[[ COLLECTED MATERIAL, beginning ]]
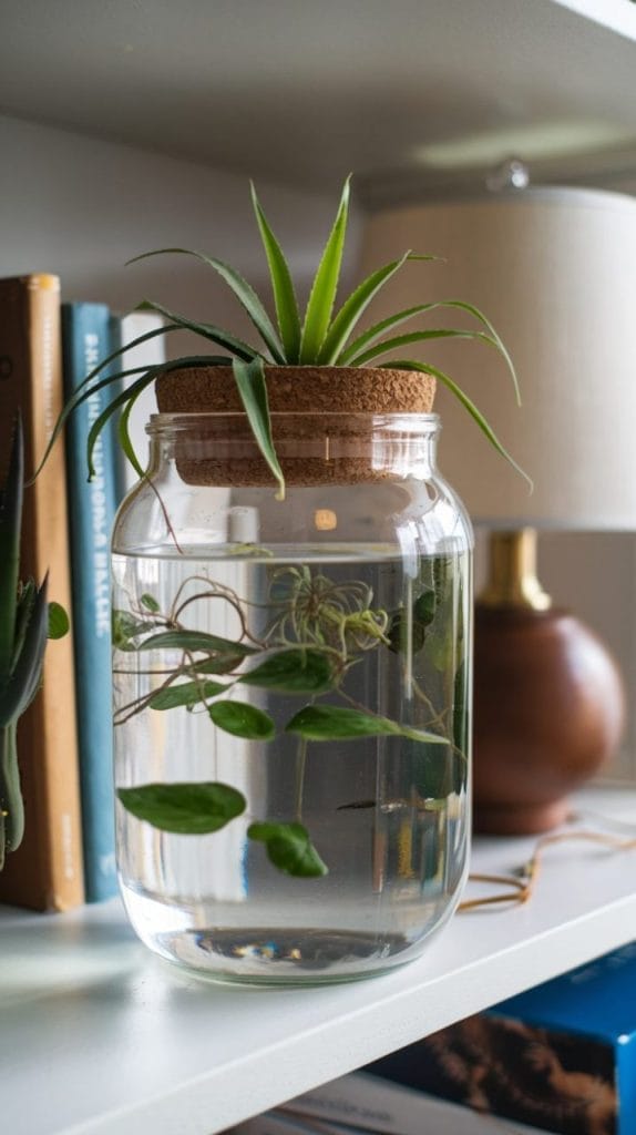 I used a large mason jar and floated a cork with a baby spider plant on it. It’s weird, pretty, and kinda magical.
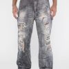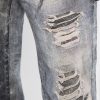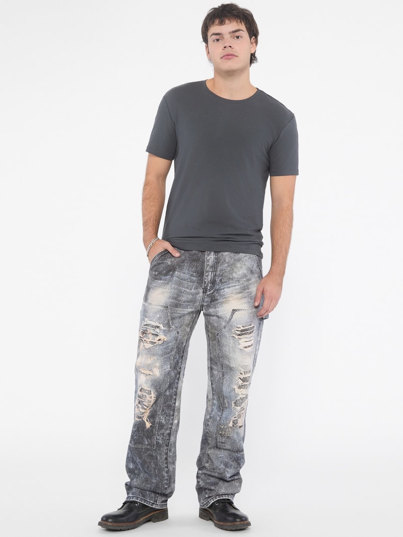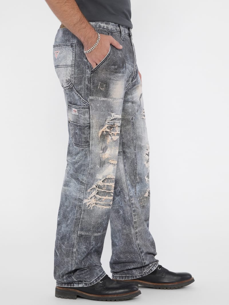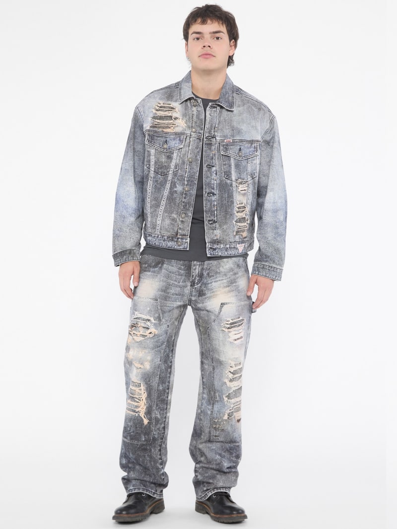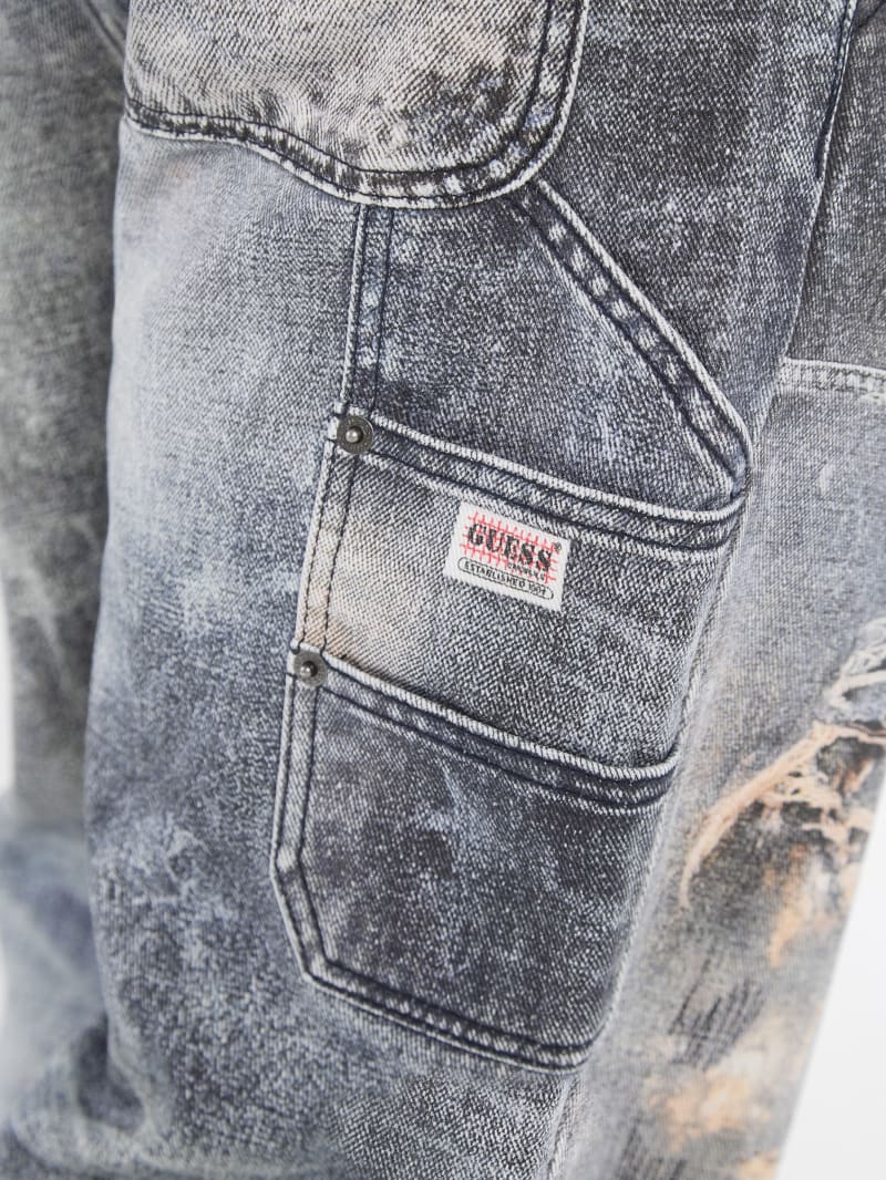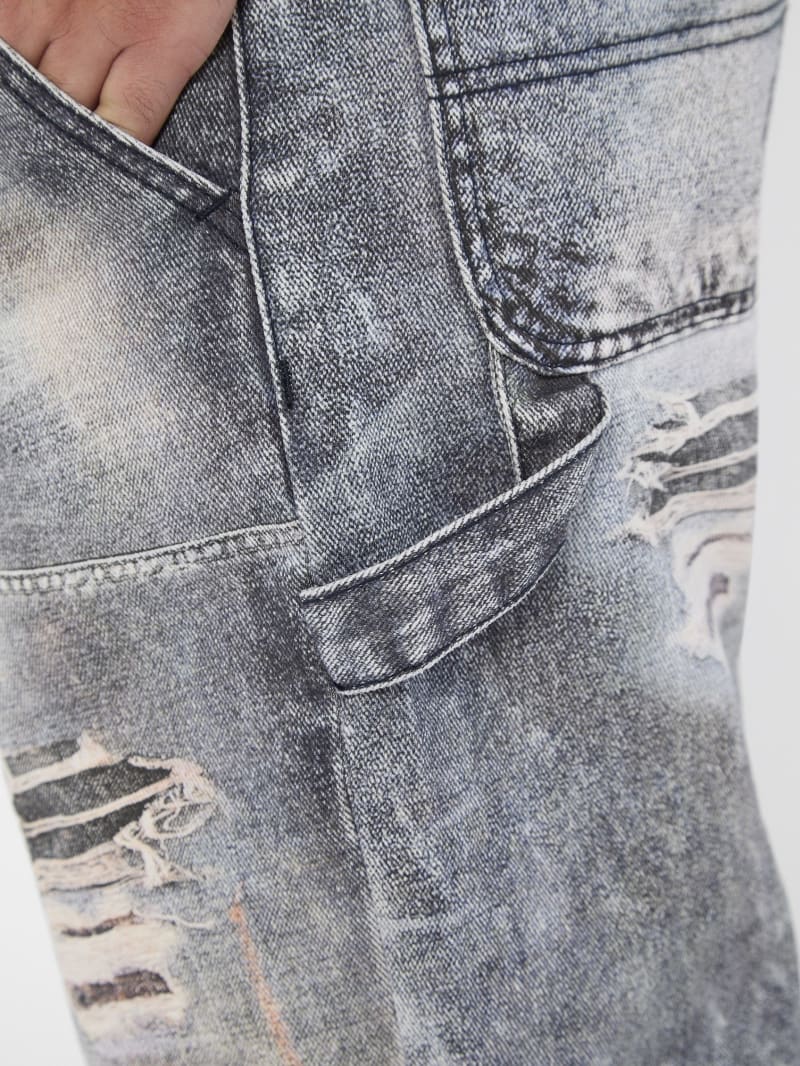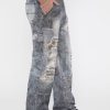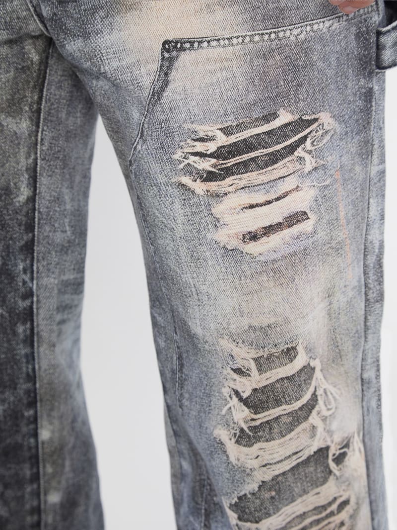 - Printed denim with destroyed detailing. Each garment has its own unique appearance.
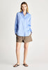 This shirt was crafted in Ghostcel, a luxe specialty cotton/ linen created in premium Portuguese mill chosen for its unbeatable summer performance and unique feel. This elbow length sleeve, cropped shirt features a subtle check pattern and a relaxed fit for laid-back style with a touch of texture. Lightweight and versatile. Perfect for layering or wearing solo.
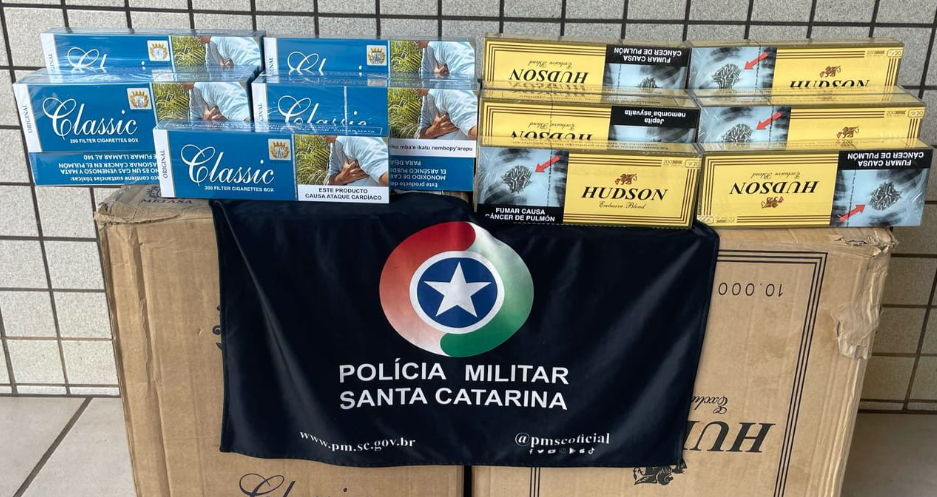No carro estavam um homem e uma mulher. Nada de irregular foi encontrado com eles, mas, ao revistar o veículo, os policiais localizaram quatro caixas de papelão com 2.000 carteiras de cigarros do Paraguai, avaliadas em R$ 10 mil.
[[ COLLECTED MATERIAL, end ]]
WORK INSTRUCTION
Reproduce the data above line for line, from its first line through the line containing "- Printed denim", both ends included, with the pictures omitted and nothing more.

FINISHED EXERCISE
 I used a large mason jar and floated a cork with a baby spider plant on it. It’s weird, pretty, and kinda magical.
 - Printed denim with destroyed detailing. Each garment has its own unique appearance.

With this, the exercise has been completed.